CIMLR_AD - Cluster subtpying for Alzheimer’s Disease.

Repository of the code implementing the paper “Martí-Juan G, Sanroma G, Piella G et al. Revealing heterogeneity of brain imaging phenotypes in Alzheimer’s disease based on unsupervised clustering of blood marker profiles. PLoS ONE [In revision]. 2018 Jun 5. Available from: https://doi.org/10.1101/339614”

Introduction and motivation

Alzheimer’s disease (AD) is a neurodegenerative pathology, which degenerates the brain and causes cognitive deterioration and loss of memory. It is one of the largest problems in public health in the world, and while many efforts have been inverted into studying the disease, causes and progression paths, many things about the disease are still not known.

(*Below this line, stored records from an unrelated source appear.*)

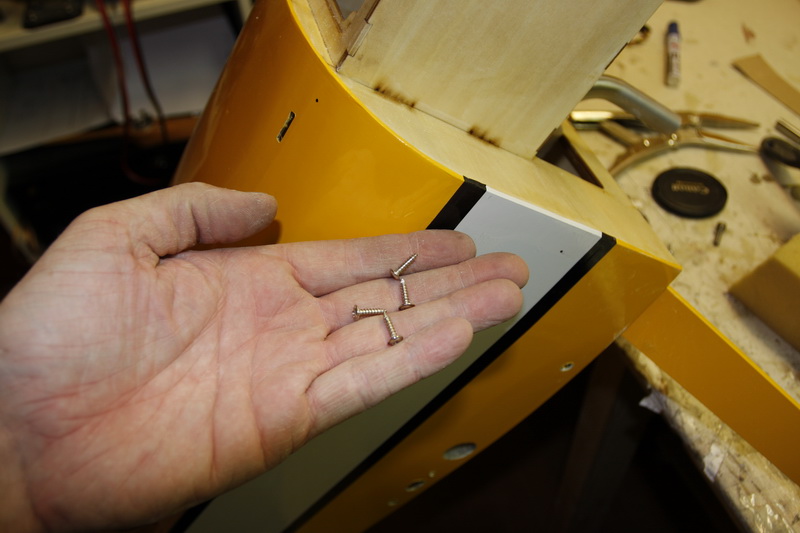 Samme opplegg som alt annet på høyderoret, men roret er bare 11mm tykt og skruene 22mm. Er litt usikker på om jeg skal forbore og skru de inn til de nesten er gjennom for så å skru de ut, herde med CA og deretter klippe de i riktig lengde ELLER
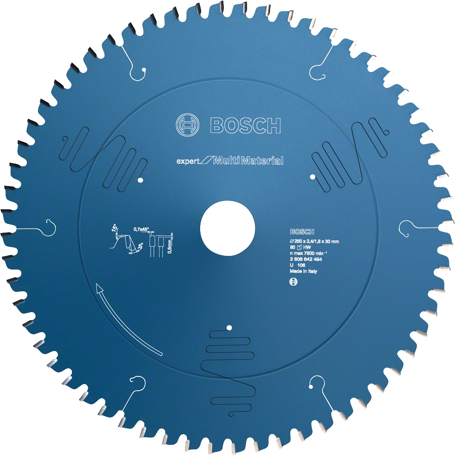 - Dientes Microteq (fabricados por Bosch) de carburo de alta densidad combinados con un diseño ideal para un uso universal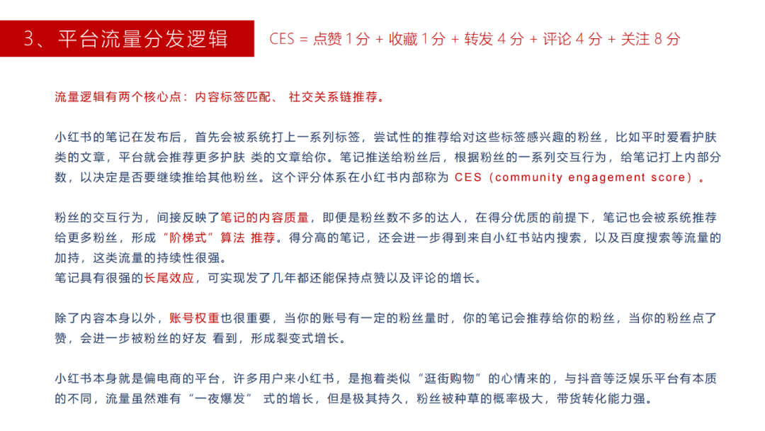 推荐机制:笔记发布后先打标签推荐给粉丝→根据CES评分决定是否扩大推荐→长尾流量持续加持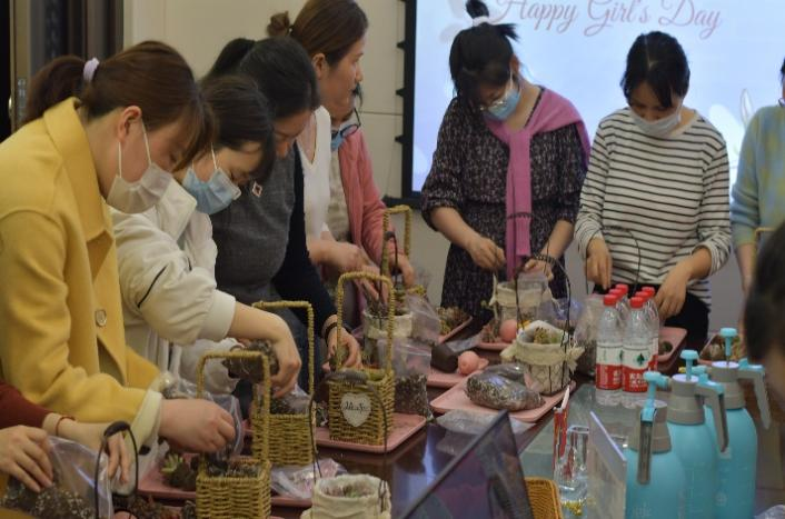 為順利舉辦此次活動,人力行政部定制了活動橫幅并邀請了專業(yè)的多肉種植老師為大家講解示范。3月8日當(dāng)天下午,人力行政部精心布置好會場與多肉種植老師一起等待全體女同胞們進(jìn)入會場。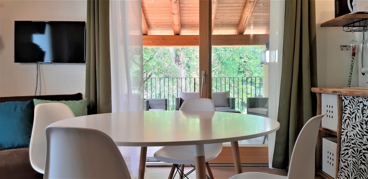 Árasán iomlán feistithe, dhá sheomra leapa, seomra folctha le tobán folctha agus cithfholcadán, cistin fheistithe, lochtán mór ar féidir leat dinnéar a fháil air nó lón a bheith agat agus tú ag baint taitnimh as radharc iontach. Tá an teach tumtha i gcrann glas olóige, gairdín mór, páirceáil phríobháideach, saor in aisce agus clúdaithe. Ag siúl síos 300 méadar, thar an seanbhaile, téann tú díreach isteach sa sráidbhaile, ar an loch, áit a bhfuil beáir, pizzerias, bialanna agus minimarket. id. cód: M0230140214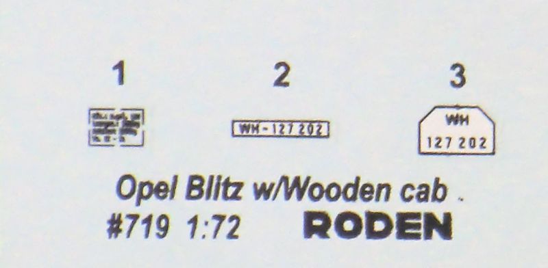 Der Decalbogen ist tadellos auf hellblauem Trägerpapier gedruckt. Leider hat man sich bei Roden beim Text in der Bemalungsanleitung vertan. Es kann natürlich kein Opel Blitz des DAK von 1942 sein! Die Farbangaben sind für das System von Vallejo.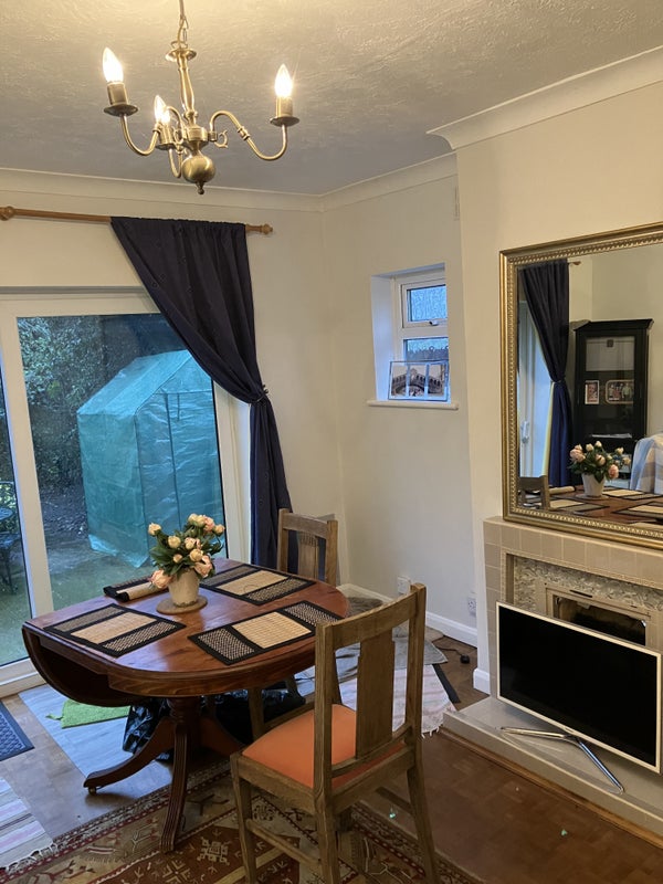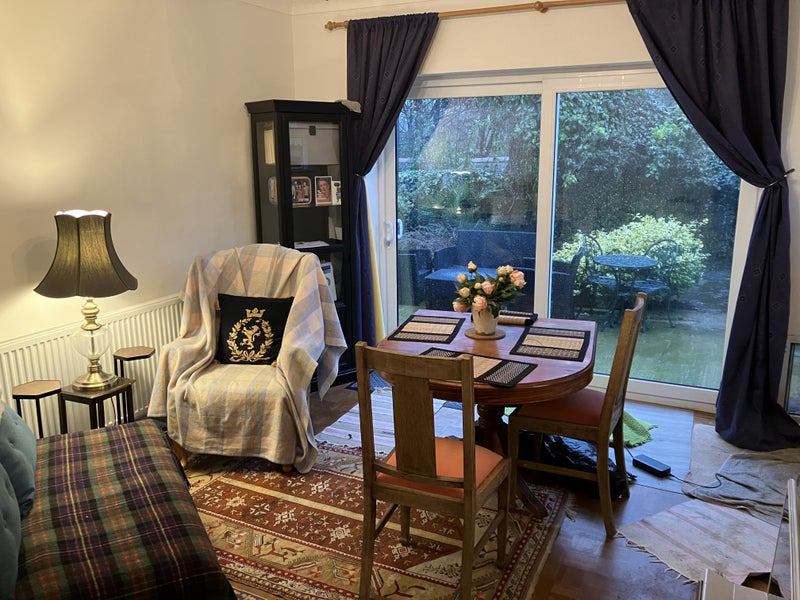 Hi there, The bedroom is on the garden level and has seperate garden entrance, its own lounge/diner (this room has the dog door in it and access to garden for our dogs), private kitchenette and shared bathroom with one other female lodger - a 35 year old female professional who’s very good natured.

One interesting area to explore is disease subpying. Does the disease behave differently between patients? If so, why? Answering those two questions mean:

Identifying possible subgroups of the population where the disease interacts differently with the patient, provoking different symptoms.
Identifying the factors that define those subgroups.

This project tackles those two questions. We apply a non-supervised clustering technique [1] [2] over a space of blood markers, which are not typically used to detect the disease but are inexpensive and easy to obtain.

Detecting relevant subtypes of the disease could lead to a more personalized early treatment. Moreover, if the characteristics defining those subtypes are non-invasive markers, we could be closer to non-invasive testing and could gain more understanding of the hidden processes in the disease.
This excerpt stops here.